To ask something of another—the way that we do in English, as a single word of entreaty added at the end of a request—you must offer them your love. I tell you this when the light is pinkening through your window. I chew on my nail. Everything is fresh and pulsing like a wound exposed. Still wet. Still throbbing. You barely look at me.

/though how selfish it is that I want you to look at me, to look at me, please, please, see me/

You wonder what kind of favor would warrant that type of begging of someone; you wonder how desperate you would need to be to offer up that much of yourself to another at a moment’s notice. Because you have never given parts of yourself away before. But I tell you that it would be much easier than you think. I tell you that love has always been an act of begging.

/though maybe, again, I’m being presumptuous, as I only have us to base ideas of love on/

Love is always a form of begging, I tell you again, because you never hear me if I say something once. I’ve gotten used to speaking in doubles.

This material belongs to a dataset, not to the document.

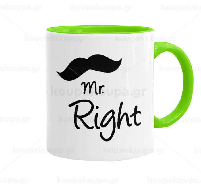 Mr right Mustache, Mug colored light green, ceramic, 330ml

The phrase amabo te can only be used in the singular, never made into the plural—you would never offer your love to more than one, amabo vos was non-existent in classical Latin. To plead is a conversation between only two, intimate like the insides of medicine cabinets. As whispers passed between bottoms of pill bottles.

/though many find it easy to love more than one at the same time, with a breadth wide and unending; unconditional/

When I tell you this, the nail I’m chewing rips unevenly. Leaving a thin transparence, a remaining piece of something once whole. You hum, preoccupied with other things more interesting than my erroneous etymology. Anything to you would be more interesting than my false science.

It’s much easier to believe that this is the nature of love. Desperate and clawing and begging. Because if that isn’t true, what do the two of us have? Some type of soured emotion, curdling and infectious. I wonder who was the one to spread it first.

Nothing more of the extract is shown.